◆ About this task
Look through the entries below for the line with "エレモフィラの花期は1月から" and the line with "Durante algunos años, la", then give again exactly those two lines and all lines between them, minus the pictures.

◆ Input
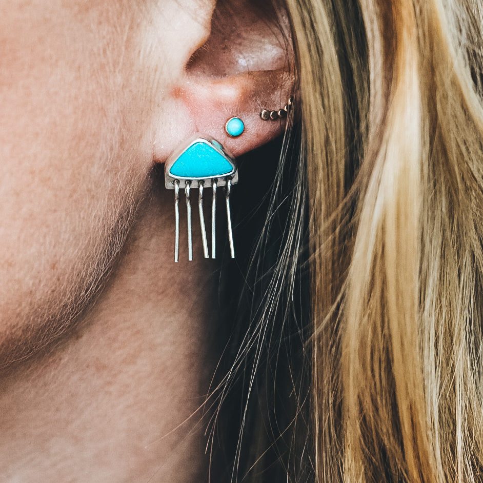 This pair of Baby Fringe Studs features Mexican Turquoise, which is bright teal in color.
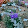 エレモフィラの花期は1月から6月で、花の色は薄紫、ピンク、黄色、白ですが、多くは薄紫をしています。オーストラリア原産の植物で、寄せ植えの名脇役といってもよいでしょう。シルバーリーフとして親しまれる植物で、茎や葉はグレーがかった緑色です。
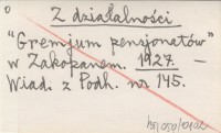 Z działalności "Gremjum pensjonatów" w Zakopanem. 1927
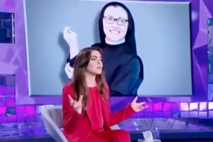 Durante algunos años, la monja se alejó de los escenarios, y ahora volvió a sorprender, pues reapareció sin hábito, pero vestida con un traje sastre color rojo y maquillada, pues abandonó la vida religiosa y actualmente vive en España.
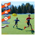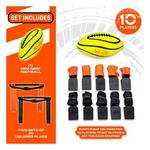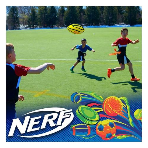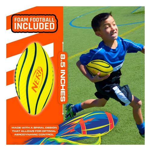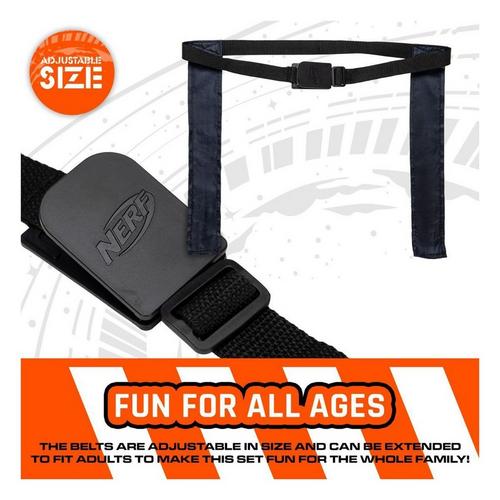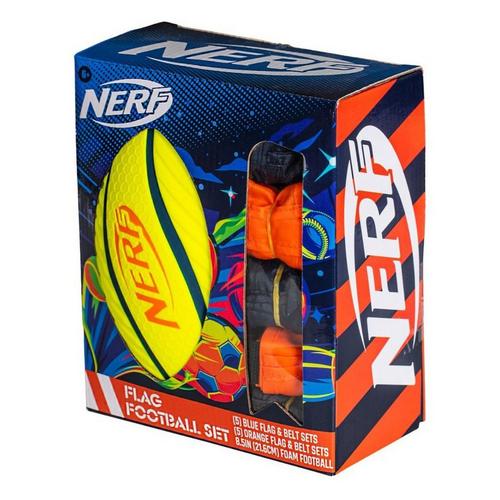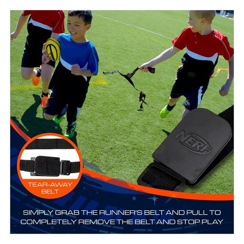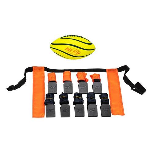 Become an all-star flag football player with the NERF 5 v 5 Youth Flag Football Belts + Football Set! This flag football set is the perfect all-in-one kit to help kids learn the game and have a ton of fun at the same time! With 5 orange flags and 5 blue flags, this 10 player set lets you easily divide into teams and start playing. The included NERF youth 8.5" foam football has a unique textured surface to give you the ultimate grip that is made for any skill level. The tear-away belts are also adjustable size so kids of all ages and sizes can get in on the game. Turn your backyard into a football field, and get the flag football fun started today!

◆ Response area
 エレモフィラの花期は1月から6月で、花の色は薄紫、ピンク、黄色、白ですが、多くは薄紫をしています。オーストラリア原産の植物で、寄せ植えの名脇役といってもよいでしょう。シルバーリーフとして親しまれる植物で、茎や葉はグレーがかった緑色です。
 Z działalności "Gremjum pensjonatów" w Zakopanem. 1927
 Durante algunos años, la monja se alejó de los escenarios, y ahora volvió a sorprender, pues reapareció sin hábito, pero vestida con un traje sastre color rojo y maquillada, pues abandonó la vida religiosa y actualmente vive en España.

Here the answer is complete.